Moeen Ul Islam
April 21, 2023 - 15 min read
Why Automate Excel Reports Using Python?
Generating Excel reports can be tedious & time-consuming, but there’s a solution. Automating your reports using Python.
Have you ever been stuck with repetitive data processing tasks, wasting your precious time and energy on fetching, storing, generating reports, and performing calculations? Well, I certainly have! Recently, I was assigned an Excel automation project that had me spinning my wheels for days. That is until I discovered the amazing trio of Python, Dash, and Plotly. With their help, I was able to streamline my work and free up my time for more productive pursuits.
Automation is the ultimate solution to break free from the tedium of repetitive data processing tasks. Your life becomes much easier with improved efficiency, accuracy, and less human-prone error. With a plethora of tools to automate almost all the possible operations related to Excel, this tutorial will explore the capabilities of Python that makes it a powerful tool when working with Excel files or data in general. Trust me, you don't want to miss out on these tools! if you are in the same boat!
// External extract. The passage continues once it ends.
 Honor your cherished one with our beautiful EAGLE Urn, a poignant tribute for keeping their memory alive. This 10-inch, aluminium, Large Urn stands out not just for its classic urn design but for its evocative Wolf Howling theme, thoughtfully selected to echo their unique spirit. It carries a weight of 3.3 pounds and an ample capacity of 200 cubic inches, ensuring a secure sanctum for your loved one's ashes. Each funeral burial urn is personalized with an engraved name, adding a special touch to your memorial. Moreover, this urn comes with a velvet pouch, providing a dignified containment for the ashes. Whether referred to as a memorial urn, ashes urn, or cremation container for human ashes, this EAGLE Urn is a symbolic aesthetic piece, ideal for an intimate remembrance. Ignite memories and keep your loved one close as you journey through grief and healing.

A brief overview of Python
Developed by Guido Von Rossum and first released in 1991, Python is a high-level, general-purpose programming language that gained popularity in recent years because of its simplicity, readability, and versatility, making it a good choice for a major chunk of work that comes under the domain of Software development, research & analysis, AI and Machine learning, Scripting & automation.
Some of the highlights and key features of Python:
- Simple syntax that is easy to understand: making it an excellent option for novices.
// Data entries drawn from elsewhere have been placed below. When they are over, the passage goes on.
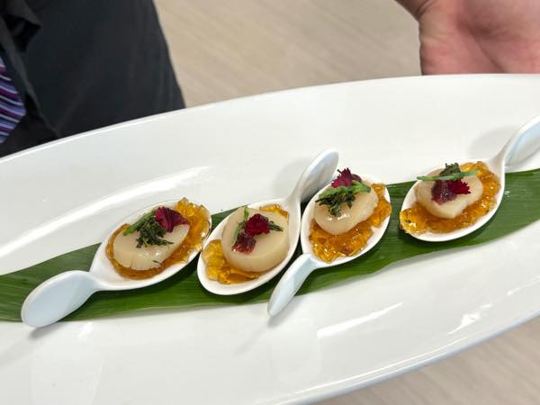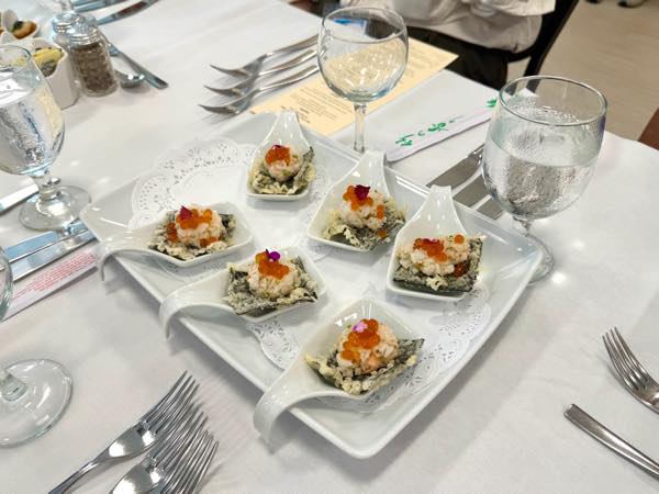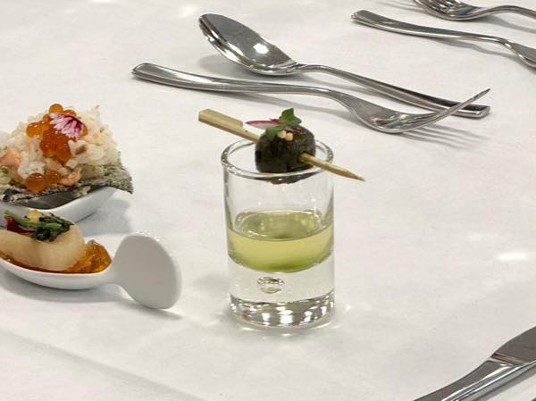 この日振る舞われたのは、日本の食品メーカー10社の食材を使い、KCCの学生シェフ15名が創作した5コースランチ。料理人の卵たちが、日本産食材の魅力をどのように表現するのか楽しみな一方で、学生達にとって、このイベントは大きな学びの場でもあります。自分たちが考案したメニューを一流のシェフ達に食べてもらうという貴重な機会は、学生達の大きなモチベーションとなり、そこで得られた経験や手応えは実習や座学でも得られない生徒達の自信となっていくでしょう。こうしたリアルなイベントを通して、これまでにない教育・指導の機会を作る、という社会貢献的な側面もこのイベントの魅力の一つと言えます。
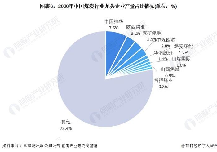 从国内煤炭产量的总体分布来看,2020年中国神华的产量占比达到7.5%,是国内相关上市企业中产量前列的龙头企业。
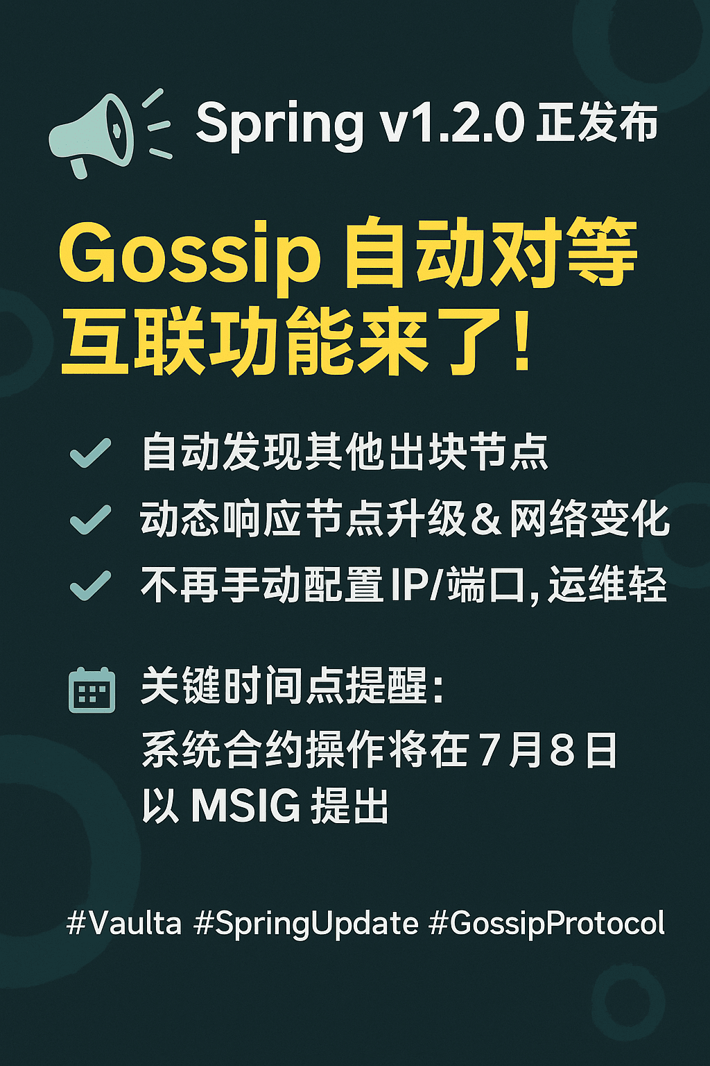🚨La mainnet Vaulta Spring v1.2.0 è ufficialmente rilasciata: la funzione di interconnessione automatica Gossip è arrivata!

- Extensive collection of libraries and packages: Python comes with a vast library of pre-built modules that can be used for practically everything from web development to data analysis, and scientific computing, so no "building the wheel from scratch" as they say.
- Cross-platform: Python code can be run on various platforms/operating systems, including Windows, macOS, and Linux. So no matter what machine you are using it is covered by Python.
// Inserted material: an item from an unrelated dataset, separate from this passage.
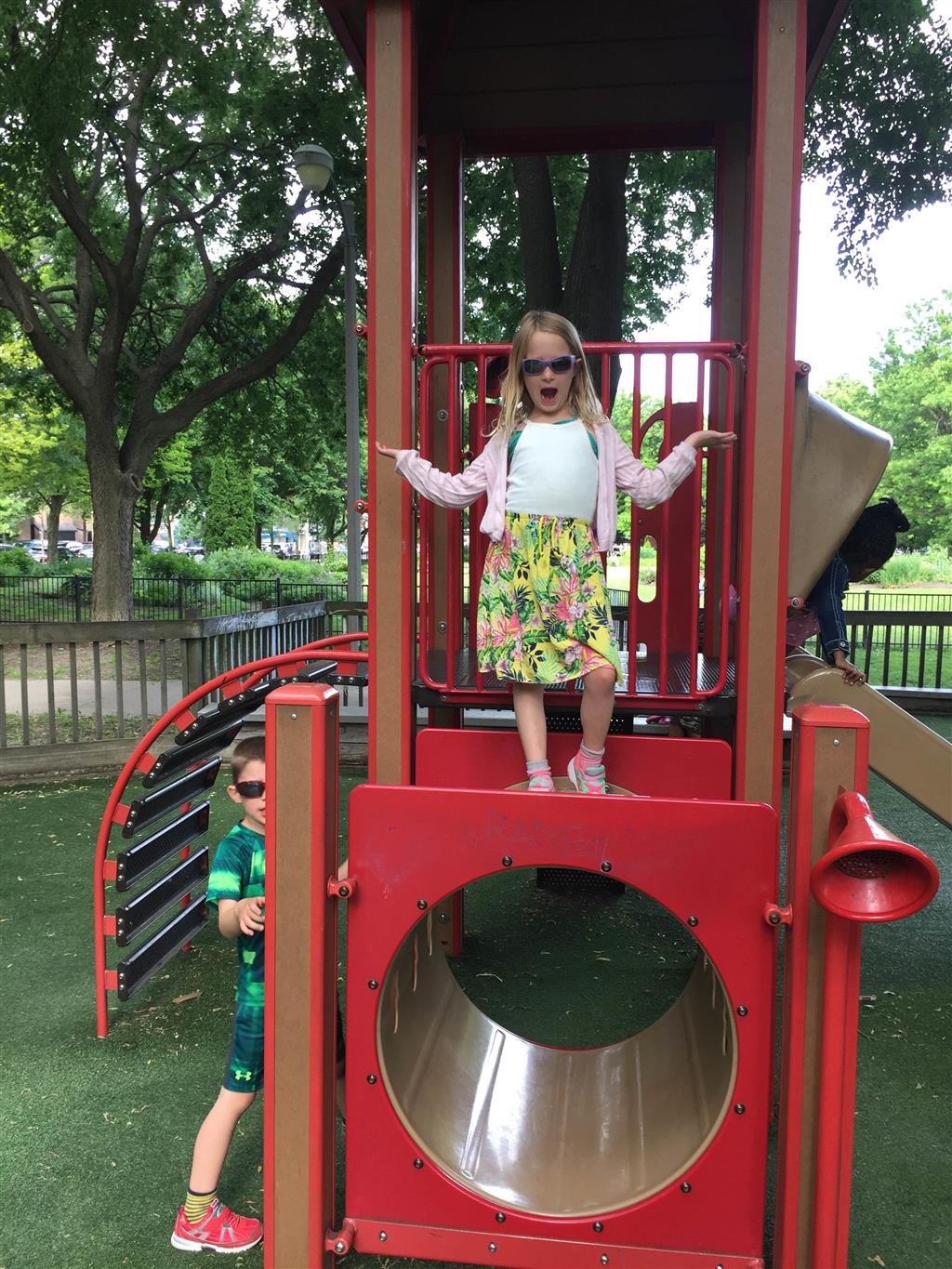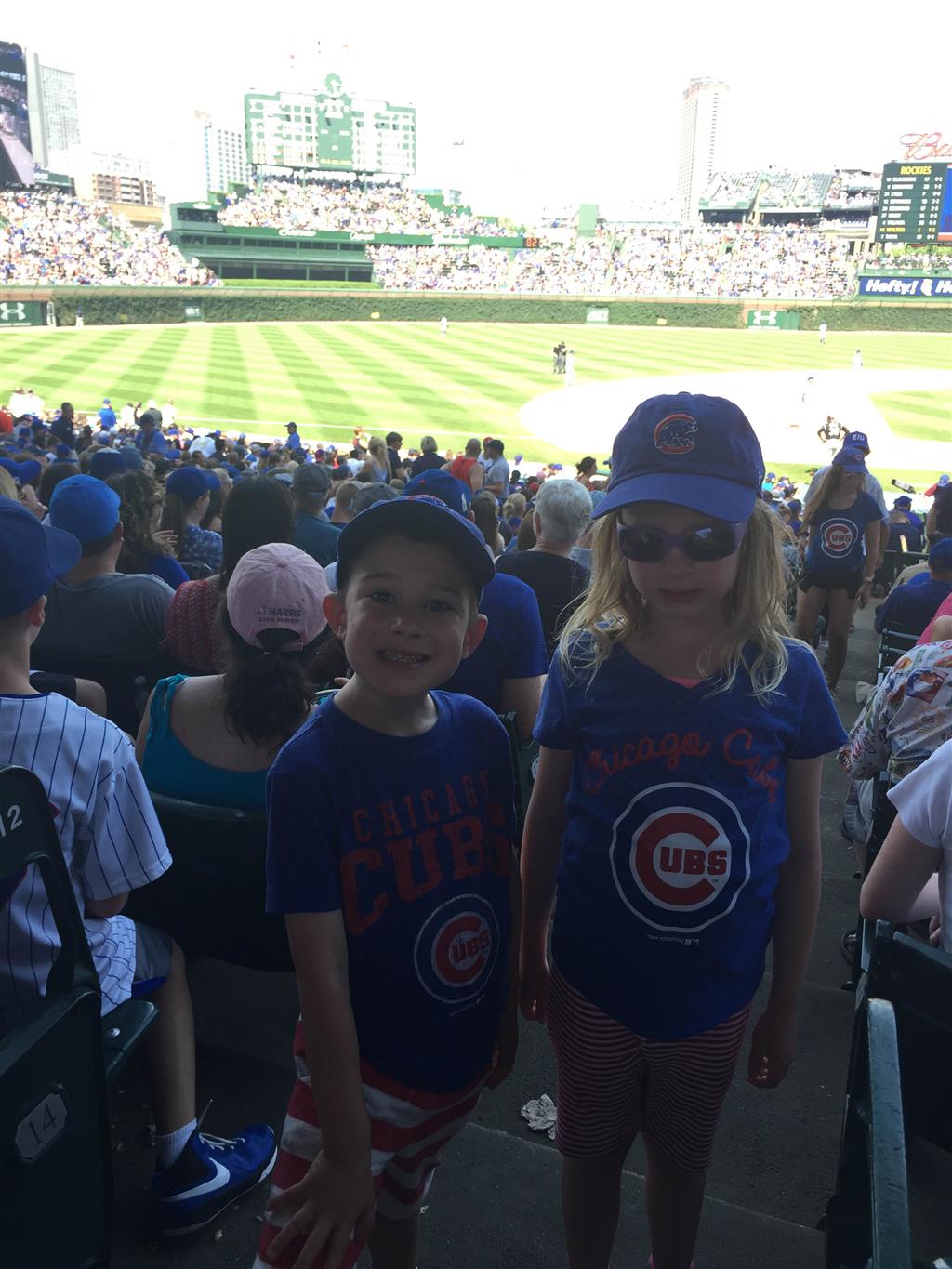 Eleanor and Henry celebrated their last day of school this week! Henry’s class had a last day party and invited the parents in to see some of the work they did all year, and to watch an end of the year slideshow. Eleanor’s class took an end of the year picnic field trip. On their first day of summer vacation, Mom took the kiddos up to a pool for a day of relaxing and swimming. Then, over the weekend, we had a relaxing Saturday with a cheesburger cookout, and on Sunday we went to a Cubs game (a win!). Our goal was to make it to the seventh inning stretch so that Henry could sing “Take Me Out to the Ballgame”, and we did it! By then, things were looking good for a victory so we ended up staying to the end and got to sing “Go Cubs Go!” as well!

- Free and open-source: Python is free to use for each and every person on the planet, it is easy to download and install. You can download Python from its official download page.
Is there a way to automate Excel reports?
Excel reports can be automated using a variety of tools, including Power Query, Macros, and Microsoft Power Automate. While each of the aforementioned tools is quite capable of automating, formatting, computations, data extraction, and purification, they all have limitations when it comes to carrying out sophisticated operations or generally interacting with additional applications. This is where Python comes into play. Python is a great choice for automating Excel and performing in-depth data analysis due to its flexibility as a general-purpose programming language and its large ecosystem of external modules for data analysis and visualization. The abundance of libraries it offers, such as Pandas, Matplotlib, Plotly, and others, enables users to create unique, accurate, and consistent reports that incorporate data analysis and visualizations as well as other important information.
How can I automate Excel spreadsheets and reports using Python?
There is a huge list of libraries that we can use for generating the reports from the Excel files in Python e.g., xlrd, openpyxl, pandas, numpy, xlsxwriter, matplotlib, plotly.
Let's take an example of a small dataset stored in a file data.xlsx to demonstrate automating the calculation of total sales.
In this example we will be using:
1. Plotly is an interactive, open-source plotting library for Python, covering over 40 different chart types for a variety of statistical, financial, geographic, scientific, and three-dimensional use cases. Access the PyPI package.
2. Pandas is a popular choice to work with Excel files in Python, offering a broad variety of functionality for reporting, data analysis, and manipulation e.g., filtering, grouping, reshaping data, etc. Additionally, a couple of other data analysis tools e.g., matplotlib, scikit-learn, plotly integrate and work well with Pandas.
Install packages
Let's install all the required packages and libraries using Python's inbuilt package manager called pip.
#Installing pandas and plotlypip install pandaspip install plotly
Install packages
Importing the required packages.
#import libraries and give them an alias for ease of useimport pandas as pdimport plotly.express as pximport plotly.io as pio
Read the dataset
Let's use read_excel() function provided by the Pandas library to read data from an Excel file and create a Pandas DataFrame, which is a table-like data structure with labelled columns and rows.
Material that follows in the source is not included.